You can use the second characteristic of the Staistical Mean to explain this. The sum of n number is equal to the mean of the n number multiplied for n
This is how I understand it: By sorting decks in reverse order and by taking the difference of two numbers we undermine their separation in two decks, Those two operations just move all half high card in one deck and all others move to the other deck. The result is going to be sum(sort(arr)[n/2+1:n) - sum(sort(arr)[1:n/2])
You should take a machines learning program and place a tube with a steady single vibration going down it and train the program to separate the output of a fluid going through it into two tubes of separate temperatures by adding structure.
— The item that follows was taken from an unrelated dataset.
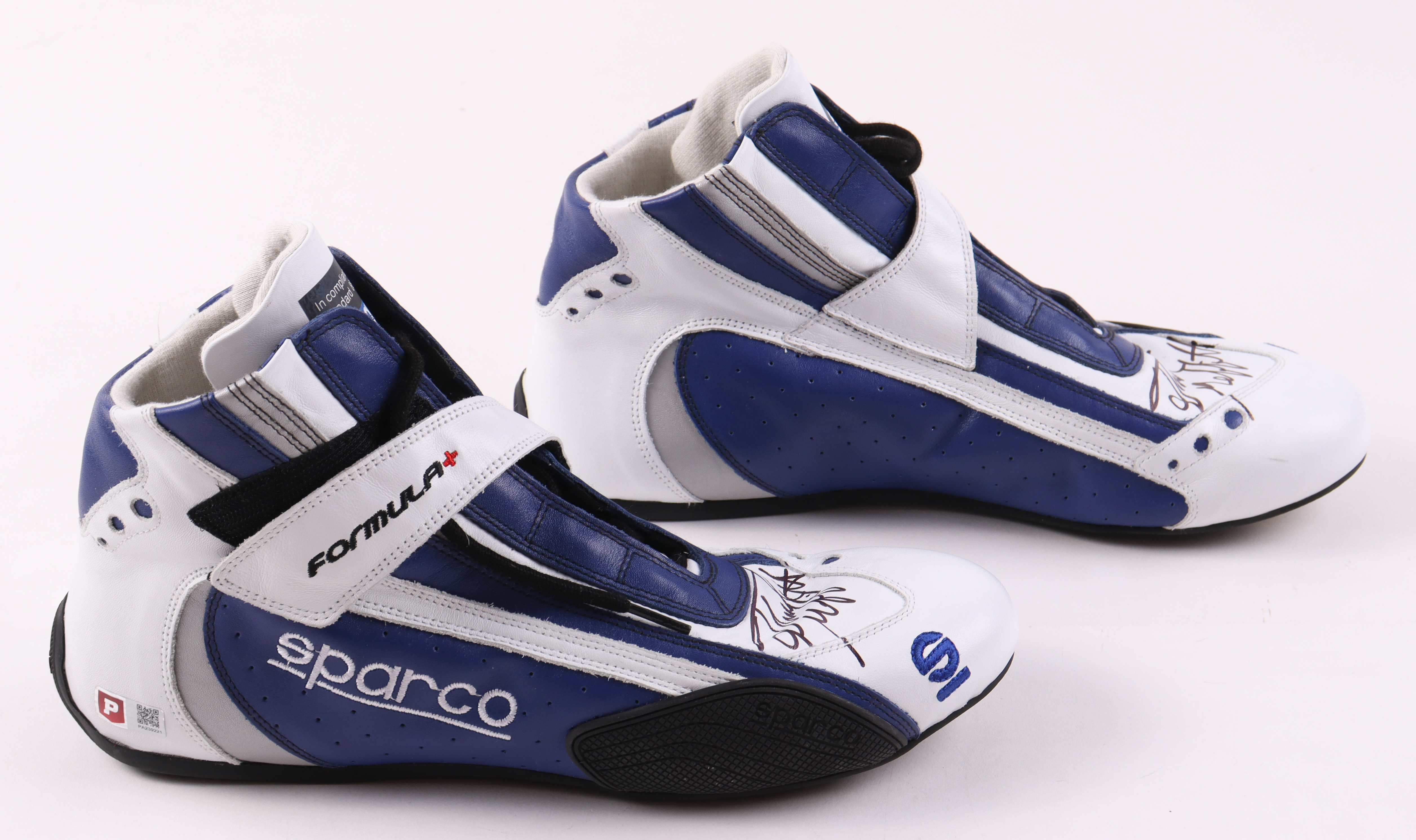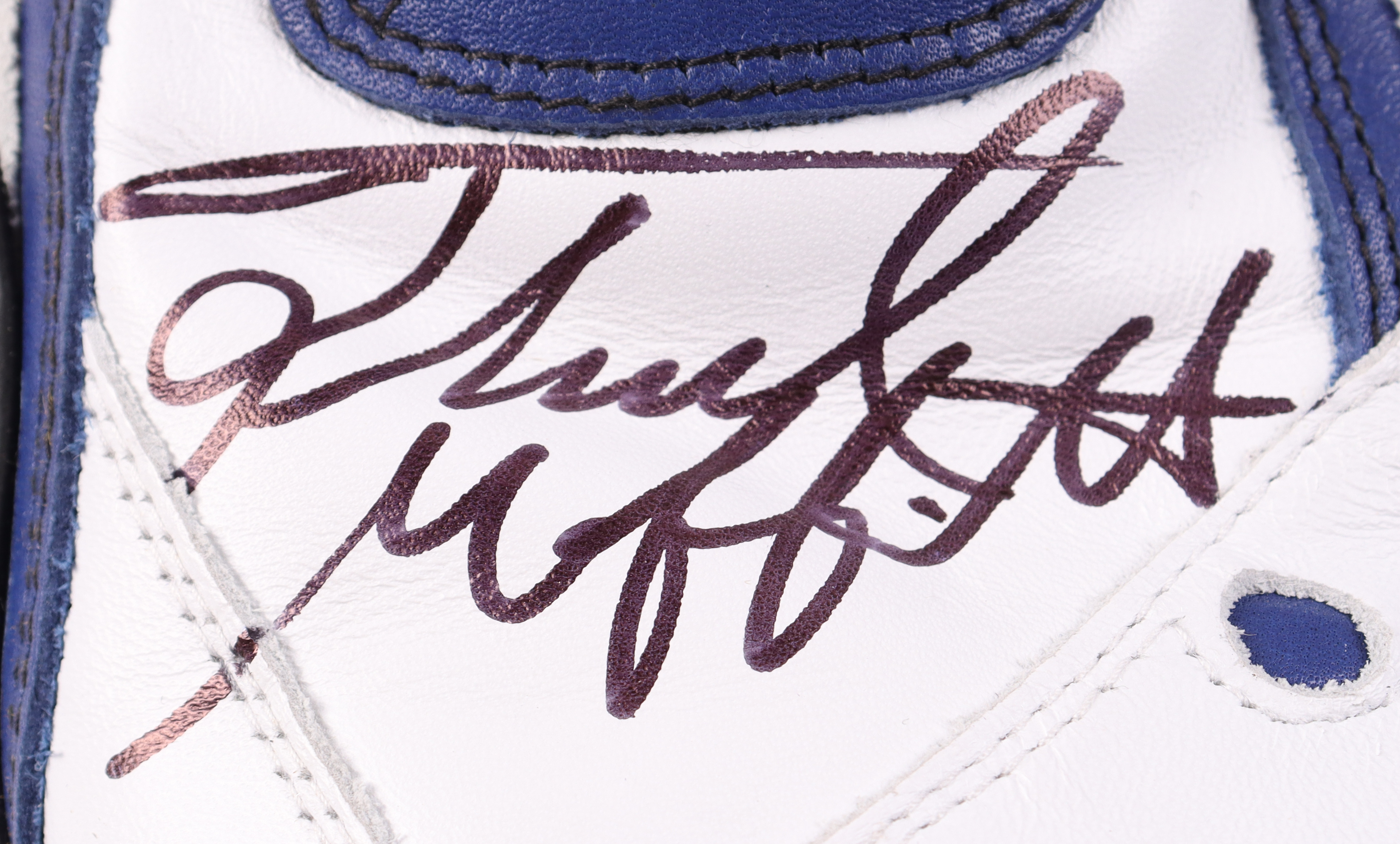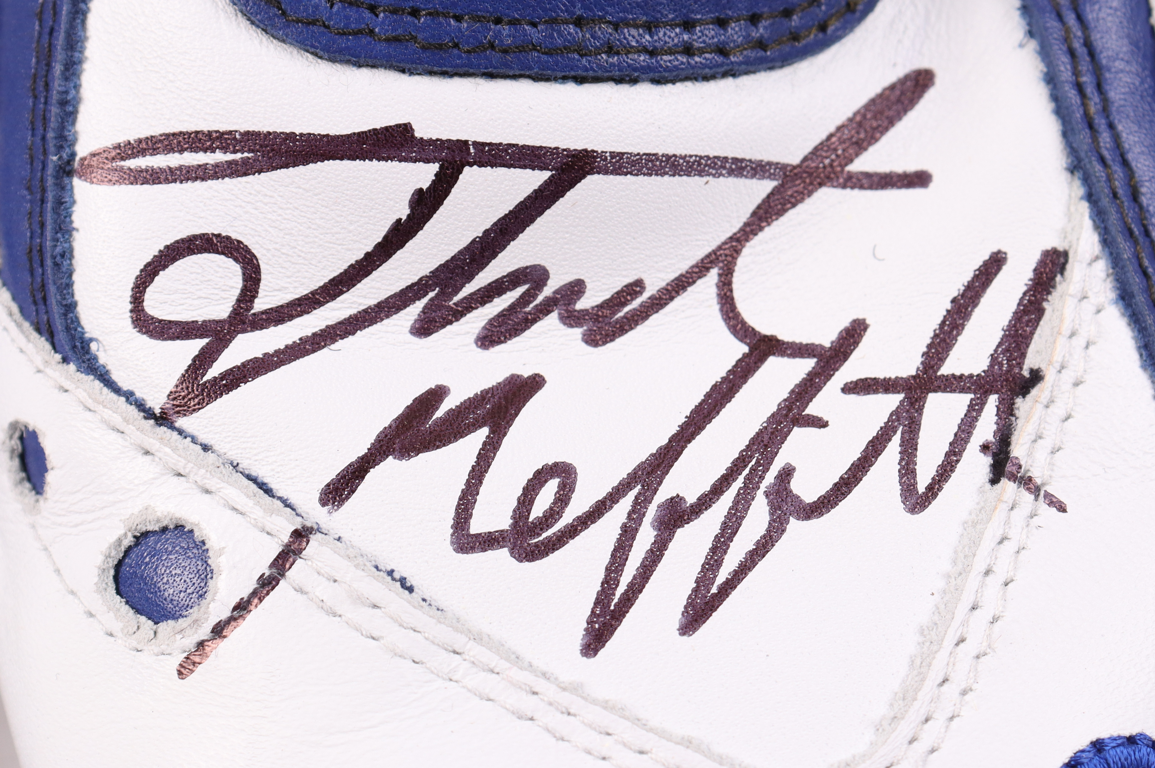 This pair of shoes comes from Thad Moffitt's collection and both are hand-signed by Moffitt. The shoes were issued to Moffitt for race use.

Then see how far you can go.
Since the value is always fixed no matter the cards, how about a variation where you calculate the value as you and the volunteer pick cards at random?
If the numbers don't have to be consecutive, you can have the audience member grab any even number of cards from a single suit. You'd have to devise some way of knowing which cards were selected (marking them? sneaking a peek at the remaining cards?), and memorize some mnemonic to help you calculate the prediction quickly, then write down the prediction after the cards are selected and cover it somehow. This may be too much sleight-of-hand for a math-based trick, but on the other hand, you'd be able to perform the same trick multiple times in a row with different predictions each time, to mislead the audience into thinking it's not fixed.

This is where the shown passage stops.